Here are some symptoms associated with grief that will get better with time but are unpleasant to deal with. Grief is complicated and comes with a barrel of emotions that can come at different times or all at the same time.

  • Inability to enjoy life
  • Intense sorrow
  • A struggle to focus
  • Issues accepting the loss
  • Problems accepting death
  • Feelings of numbness
  • Bitterness
  • Hopelessness
  • Struggle to do basic tasks
  • Isolating from loved ones
  • Blaming yourself for the death
  • Wishing you had died too
  • Feeling guilty for surviving

There isn’t a definitive answer to what causes grief and why it can be so complicated. Grief is multifactorial. The level of grief you will feel and how complicated it is may depend on certain factors, like who the person was to you, the circumstances around their death, your history of mental health and your support system.

What Can Trigger Grief?

The smallest thing can trigger waves of grief. And it’s totally okay that your grief has triggers. A common trigger is seeing something that reminds you of them, whether it is an item that belonged to them, a location, or even a song. When a wave of grief is triggered, you may have the following behaviors:

  • Problems falling asleep or not being able to sleep through the night
  • Undereating or overeating
  • Forgetting things
  • Spacing out
  • Wanting to be alone rather than with friends or family
  • Dreaming of the person you lost
  • Forgetting they are gone
  • Restless hyperactivity
  • Crying uncontrollably
  • Visiting places that you associate with the person you are grieving

Read More: Seeing a Dead Person Alive in Dream Meaning

How Do You Ride the Waves of Grief?

The waves will come, there is no escaping this process, but there are some things that you can do to get you through it with as much ease. Here are some tips to how to cope with waves of grief, it is important on how to take care of yourself throughout the waves.

  • Eat regularly
  • Get plenty of rest
  • Lean on your support system
  • Don’t be afraid of your feelings
  • Read about other’s experiences
  • Find your own coping mechanisms
  • Don’t be afraid to fail

It can be challenging to navigate waves of grief. It may a trial-and-error process for you to understand how to best cope. Not everything will be comforting to everyone, if something a friend recommends doesn’t work for you, that’s okay. Remember, everyone deals with loss in a different way.

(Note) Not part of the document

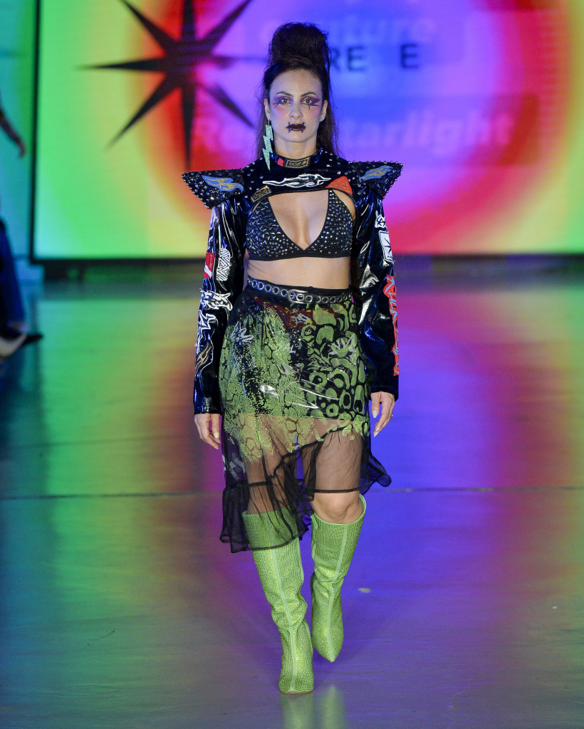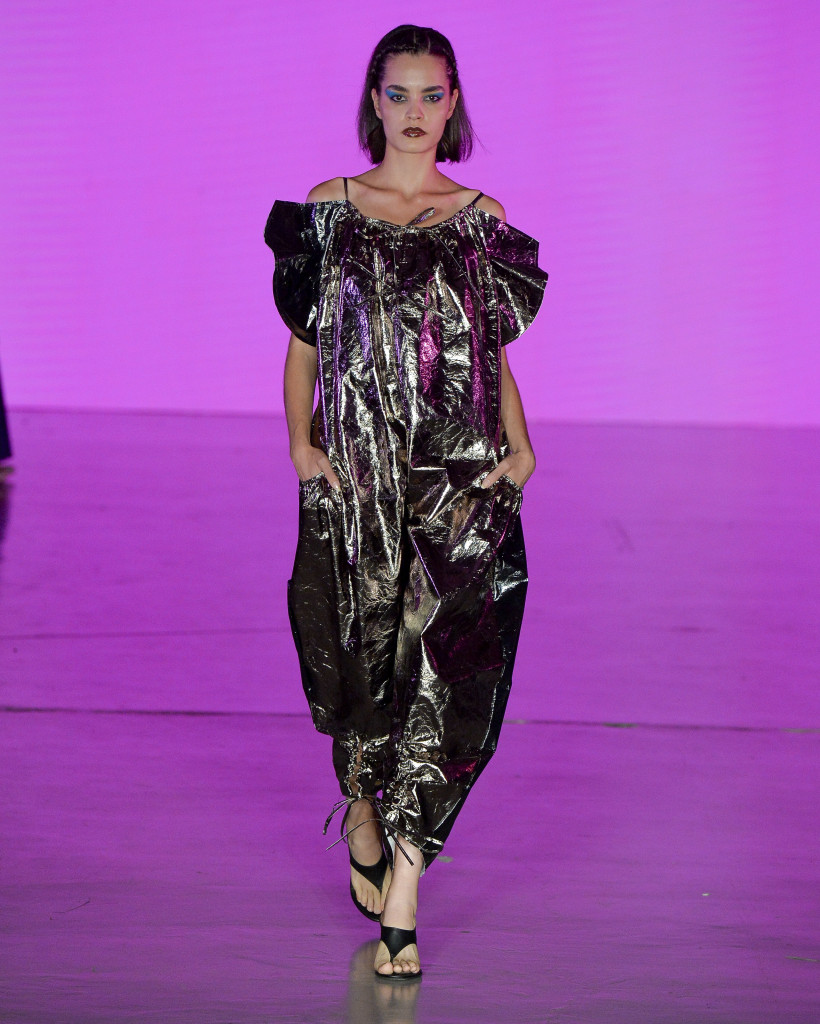 A Fkawallys levou à passarela a vibração intensa do “Rock Doido”, expressão cultural paraense que mistura tecnobrega, funk, carimbó e eletrônica em festas marcadas por luz, movimento e identidade. Para esta temporada, a marca transportou essa energia para São Paulo em parceria com Rege Starlight, traduzindo o universo das aparelhagens em moda: cores pulsantes, atitude irreverente e uma estética que celebra tecnologia popular e orgulho regional.

Talk through the process, either with a professional or with loved ones. Write down and journal your thoughts, it can be cathartic and will allow you process grief personally. Remember, this process is a marathon, not a sprint, so give yourself some grace.

Remember to get the help you need to and it’s not weak to ask for assistance. Asking for help takes a great deal of strength. If grief is left untreated and undealt with, it can turn into depression or anxiety. This can make grief more complicated and could prolong the waves.

Waves of grief could come on at any time without warning. Grief takes a lot of time, there is just no way to cut the process short and speed it up. You also can’t get all your grieving done in one go, it will naturally come in waves. Over time, the waves will get smaller and further apart.